A pipeline for an overview of AI technologies evaluation is shown in Fig. 2. A majority of the published AI studies within medical imaging is in the retrospective phase of Fig. 2, i.e. having a technical focus. However, as our review shows, it is important to evaluate AI projects both clinically and concerning many other areas, i.e. the prospective phase in Fig. 2, to ensure that AI technologies with no effect or unintended effects are not uncritically implemented.

Fig. 2
figure 2

Pipeline for evaluating AI technologies (inspired by an unpublished figure by Simon Meyer Lauritsen)

Results from this review was used as part of a project with the overall aim to develop a Model for ASsessing the value of AI in medical imaging (MAS-AI) cf. publication [120]. MAS-AI was developed in three phases. First, this literature review. Next, we interviewed leading researchers in AI in Denmark. The third phase consisted of two workshops where decision-makers, patient organizations, and researchers discussed crucial topics when evaluating AI. The multidisciplinary team revised the model between workshops according to comments. The HTA framework MAS-AI is to support the introduction of AI technologies into healthcare in medical imaging.

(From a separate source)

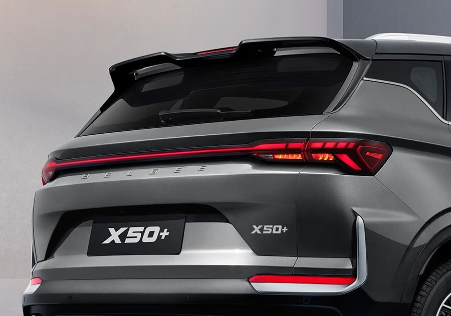 Belgee X50+ оснащён светодиодными задними комбинированными фонарями с контурной линией на багажной двери — это практичное решение для безопасности на дороге и выразительный элемент, выделяющий автомобиль в потоке.

It is important to ensure uniform and valid decisions regarding the adoption of AI technology with a structured process and tool. The MAS-AI model can help support these decisions and provide greater transparency for all parties involved.

Conclusion

This scoping review regarding value assessment of artificial intelligence in medical imaging yielded 86 papers fulfilling the inclusion criteria, and eleven domains were identified: (1) the health problem and current use of technology, (2) technology aspects, (3) safety assessment, (4) clinical effectiveness, (5) economics, (6) ethical analysis, (7) organisational aspects, (8) patients and social aspects, (9) legal aspects, (10) development of AI algorithm, performance metrics and validation, and (11) other aspects. The domain classification from the EUnetHTA framework proved very useful and analysis identified only one new real domain: domain 10 (a few issues were included in an “other domain”). Studies include a broad range of essential domains when addressing AI technologies; in contrast to other areas, legal and ethical aspects are highlighted as important in this review.